OpenOffice.org is not a clone of Microsoft Office. You can accomplish nearly all the same things, but the procedures will be different in detail. That's why they call it transition. You may even find you like OOo better, if you don't give up the first time something is different. For the Word-to-Writer transition there's a PDF table-format howto guide available that compares menu paths for 90 word-processing tasks. For OOo in general there's context-sensitive Help, two different series of PDF User Guides, and more howto guides and other docs.

I've taken to mispronouncing the name of the Office 2007 interface as effluent, a word most often used to describe the end product of sewage treatment plants.

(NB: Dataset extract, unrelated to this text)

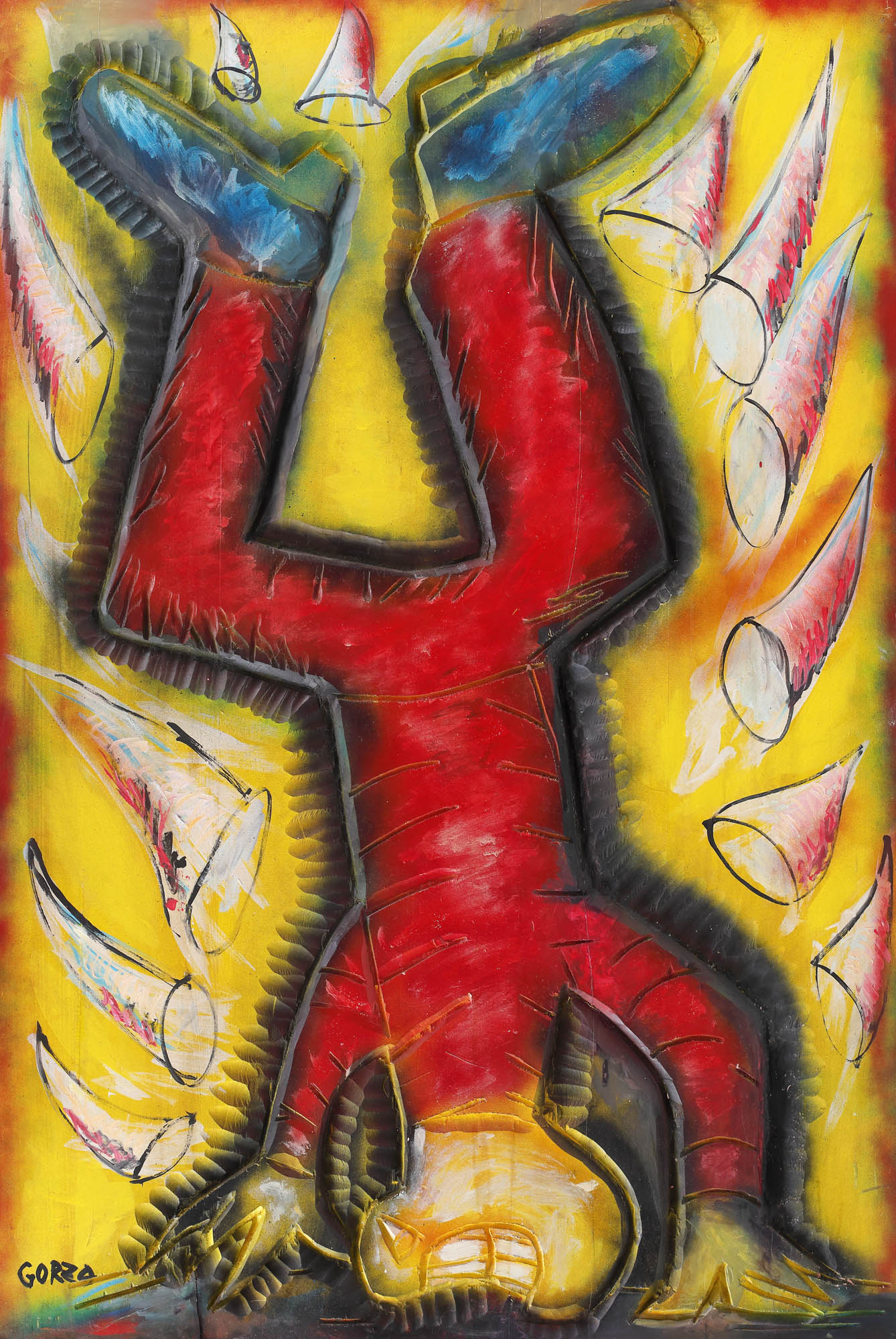 Artist plastic complex, Dumitru Gorzo este reprezentativ pentru arta contemporană românească, prin stilul său ludic, coroziv și controversat. Gorzo scrutează viața politică și socială autohtonă cu o lejeritate debordantă, metehne ale cărora sunt transpuse în operele sale prin felurite medii plastice, deseori interpretate ca fiind cvasi agresive. Alături de Nicolae Comănescu, Alina Pențac și Angela Bontaș înființează și activează în grupul numit Rostopasca, între 1997 și 2001. Picturile-obiect supradimensionate și anecdotice sunt realizate în culori vibrante și contrastante, păstrând iconografia fantastică din repertoriul personal. Spânzuratul ne trimite cu gândul la vechile picturi de tipul “pittura infamante”, comandate în Italia renascentistă, în scop defăimator, în care personajul central era ilustrat atârnat de picioare. În perioada în care rușinea era cea mai aspră pedeapsă socială, aceasta iconografie era puternic moralizatoare și stârnea sentimente puternice de frica față de nelegiuire. Culorile stridente, de asemenea, întăresc caracterul moralizator al acestei ipostaze. La polul opus, lucrarea se aseamană la fel de mult cu “Spânzuratul” din Arcana Majora a Tarotului, care deși își are influența din aceiași sursă renascentistă, simbolistica acestuia reflectă sacrificiul de sine în favoarea unei noi perspective. Tarotul ilustrează un personaj calm, în straie colorate cu roșu, simbolizând pasiunea și forța fizică și albastru, simbolizând cunoașterea. Însă ființa antropomorfă a lui Gorzo, cu toate că respectă registrul cromatic și simbolistic al Tarotului, este antagonică, punând astfel în lumină caracterul moralizator al lucrării, asemenea picturilor precursoare din Italia renascentistă. Pictura-obiect “Spânzuratul” devenine astfel o defăimare publică modernă, în tonul ludic, dar transgresiv al lui Gorzo.

In Microsoft Office 2007's Fluent/Ribbon interface they have rearranged everything in the menus. Fun, huh? It may actually be easier for you to transition from whatever MS Office version you have now to OOo than to Office 2007, or Office 14 in 2010. Not to mention the opportunity for individuals and organizations to switch from Microsoft's prices and mutating licensing terms to open-source freeware. OOo 2+ is probably closest interface-wise to Office 2000.² There's a table summarizing Office versions 97 through 2010 on my top Excel page.